Сильно кружит, колесом юлит Кола-река, словно жизнь наша – ни догадки, ни предсказа. Так идешь по берегу, по лесу светлому, сосновому, словно по кущам райским гуляешь, да вдруг глядишь – шаг за шагом попадаешь в дурную болотину. Мелколес кругом стеной встает, черная ольха да осина подлая, хлесь тебе по глазам тонкой веткой до слез, хлесь другой раз. И тут же комарья да гнуса рой налетает, в уши, ноздри, в рот лезет без счета, и такой писк оголтелый подымается, что через мгновение уже не писк, а вой кругом стоит. И бредешь во мхах, по колено в воду гнилую проваливаясь, плечами частокол цепкий раздвигаешь, горлом пересохши. Такой чепыжник настает, что и в голове твоей мутится, ничего не понятно, не знаешь ни сторон света уже, ни имени своего почти. Тогда только остановишься на миг, да переведешь душу, да к небу глаза подымешь: Господи, спаси. И глядишь – успокоится сердце, и отчаянье уйдет, и налегке вынесет тебя из дурной этой чепыги, и в прошлом останется страх. Только впредь не угадаешь никак, когда и где снова занесет тебя в лихие места и смутит нечистый душу. И усомнишься…
…Долго я теперь не поеду на Север. Долго не буду даже думать о том, чтобы залить полный бак бензина на самой дешевой заправке, включить погромче музыку и разогнать машину так, чтобы невольно нога притормаживала, сама, потому что вот-вот готов был взлететь от ощущения счастливого и долгого пути. Не поеду, потому что на пути этом подстерегают меня реки. Первой весело прожурчит по камням Елгамка, а потом спокойно пронесет темные воды Идель, мрачной красотой глянет сквозь ели широкая Тунгуда, и совсем уж душу разорвет надвое изменчивая Поньгома. А после уж и сама стылая река Кереть спросит за все и по делам воздаст.
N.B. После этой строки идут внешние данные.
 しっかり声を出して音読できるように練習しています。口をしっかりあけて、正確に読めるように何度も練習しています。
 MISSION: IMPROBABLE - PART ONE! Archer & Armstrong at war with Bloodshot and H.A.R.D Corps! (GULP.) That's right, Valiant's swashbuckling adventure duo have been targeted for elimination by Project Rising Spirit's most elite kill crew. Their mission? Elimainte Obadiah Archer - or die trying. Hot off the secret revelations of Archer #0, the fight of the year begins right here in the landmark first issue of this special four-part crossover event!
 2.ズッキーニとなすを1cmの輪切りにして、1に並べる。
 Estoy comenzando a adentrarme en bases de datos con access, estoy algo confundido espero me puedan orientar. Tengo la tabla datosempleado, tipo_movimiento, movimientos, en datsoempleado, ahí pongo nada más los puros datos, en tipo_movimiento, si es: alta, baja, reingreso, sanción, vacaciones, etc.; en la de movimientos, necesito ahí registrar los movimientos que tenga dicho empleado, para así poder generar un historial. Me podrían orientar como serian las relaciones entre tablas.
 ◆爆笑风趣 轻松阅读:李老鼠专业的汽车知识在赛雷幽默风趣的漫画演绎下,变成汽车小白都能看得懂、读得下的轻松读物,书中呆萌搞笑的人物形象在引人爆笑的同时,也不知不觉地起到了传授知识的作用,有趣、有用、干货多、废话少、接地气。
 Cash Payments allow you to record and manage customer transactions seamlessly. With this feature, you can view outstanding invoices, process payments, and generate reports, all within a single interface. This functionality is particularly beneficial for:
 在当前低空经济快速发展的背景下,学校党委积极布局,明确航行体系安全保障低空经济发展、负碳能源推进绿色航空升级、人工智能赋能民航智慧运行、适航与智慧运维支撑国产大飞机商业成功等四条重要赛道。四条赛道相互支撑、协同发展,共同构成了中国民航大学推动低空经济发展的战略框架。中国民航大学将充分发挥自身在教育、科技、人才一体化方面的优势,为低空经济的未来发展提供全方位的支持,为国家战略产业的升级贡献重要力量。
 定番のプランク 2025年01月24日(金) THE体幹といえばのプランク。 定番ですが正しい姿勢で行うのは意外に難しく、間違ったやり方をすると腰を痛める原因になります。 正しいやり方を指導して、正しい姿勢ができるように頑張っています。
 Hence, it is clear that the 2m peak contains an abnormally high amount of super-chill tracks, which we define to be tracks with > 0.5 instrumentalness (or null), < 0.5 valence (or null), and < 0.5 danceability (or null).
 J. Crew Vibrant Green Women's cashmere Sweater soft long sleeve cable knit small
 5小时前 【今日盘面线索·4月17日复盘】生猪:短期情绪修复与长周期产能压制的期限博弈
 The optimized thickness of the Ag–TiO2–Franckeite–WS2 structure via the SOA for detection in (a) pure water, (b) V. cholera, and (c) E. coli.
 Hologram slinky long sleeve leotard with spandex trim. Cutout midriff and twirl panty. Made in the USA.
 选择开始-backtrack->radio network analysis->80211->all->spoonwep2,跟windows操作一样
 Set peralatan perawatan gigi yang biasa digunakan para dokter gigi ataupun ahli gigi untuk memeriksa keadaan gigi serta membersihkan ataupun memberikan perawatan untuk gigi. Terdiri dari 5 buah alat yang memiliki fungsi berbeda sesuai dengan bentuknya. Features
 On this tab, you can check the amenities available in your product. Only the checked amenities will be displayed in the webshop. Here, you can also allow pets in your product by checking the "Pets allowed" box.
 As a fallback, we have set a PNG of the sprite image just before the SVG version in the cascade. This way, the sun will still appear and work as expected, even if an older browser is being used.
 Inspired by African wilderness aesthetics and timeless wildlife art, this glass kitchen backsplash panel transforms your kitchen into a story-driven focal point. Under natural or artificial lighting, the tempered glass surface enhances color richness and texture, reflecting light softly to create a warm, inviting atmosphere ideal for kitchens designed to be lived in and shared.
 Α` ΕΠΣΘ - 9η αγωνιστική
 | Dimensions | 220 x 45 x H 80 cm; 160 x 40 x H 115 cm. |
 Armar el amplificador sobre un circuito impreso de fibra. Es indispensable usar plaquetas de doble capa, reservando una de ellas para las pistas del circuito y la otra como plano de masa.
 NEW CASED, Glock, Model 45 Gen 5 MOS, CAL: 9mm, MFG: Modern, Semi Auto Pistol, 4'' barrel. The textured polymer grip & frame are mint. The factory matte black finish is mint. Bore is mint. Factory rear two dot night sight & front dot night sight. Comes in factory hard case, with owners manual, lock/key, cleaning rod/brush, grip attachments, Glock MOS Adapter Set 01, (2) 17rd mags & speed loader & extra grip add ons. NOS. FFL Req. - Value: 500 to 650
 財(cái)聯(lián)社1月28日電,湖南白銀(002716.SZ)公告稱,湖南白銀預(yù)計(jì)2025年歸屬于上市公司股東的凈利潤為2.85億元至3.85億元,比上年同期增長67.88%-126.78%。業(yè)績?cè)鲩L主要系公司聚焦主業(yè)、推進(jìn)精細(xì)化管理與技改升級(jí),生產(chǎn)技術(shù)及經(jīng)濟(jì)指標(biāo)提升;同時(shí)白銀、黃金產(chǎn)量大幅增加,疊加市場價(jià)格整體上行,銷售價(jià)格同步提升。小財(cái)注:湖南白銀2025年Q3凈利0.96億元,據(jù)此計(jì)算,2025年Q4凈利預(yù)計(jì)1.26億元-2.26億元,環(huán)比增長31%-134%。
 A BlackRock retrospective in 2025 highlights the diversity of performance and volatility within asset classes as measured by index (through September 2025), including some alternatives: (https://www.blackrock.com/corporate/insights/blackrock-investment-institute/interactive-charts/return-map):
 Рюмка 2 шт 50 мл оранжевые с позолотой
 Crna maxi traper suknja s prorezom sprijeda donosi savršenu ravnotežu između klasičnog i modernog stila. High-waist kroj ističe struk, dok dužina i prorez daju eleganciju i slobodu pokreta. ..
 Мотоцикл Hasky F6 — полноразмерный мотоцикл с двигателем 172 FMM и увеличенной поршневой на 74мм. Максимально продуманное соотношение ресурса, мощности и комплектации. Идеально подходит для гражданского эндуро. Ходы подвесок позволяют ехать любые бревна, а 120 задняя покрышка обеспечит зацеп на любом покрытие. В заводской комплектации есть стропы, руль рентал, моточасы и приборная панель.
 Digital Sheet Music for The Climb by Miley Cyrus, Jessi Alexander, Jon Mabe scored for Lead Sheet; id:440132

А вот раньше часто ездил. Среди виденных красот дальних, чужих вдруг открылось, что искал я совсем не там. Оказалось вдруг – пятьсот километров всего разделяют меня и те места, где даже утлый челн не нужен – подъедешь на машине прямо к берегу морскому, остановишься, и в глаза сразу дорожка солнечная, ночная по ласковой глади воды, в ноздри – воздух свежий, пряный и густой, в душу – восторг тихий, незапятнанный. Называется это все Белым морем, и грош бездушному цена.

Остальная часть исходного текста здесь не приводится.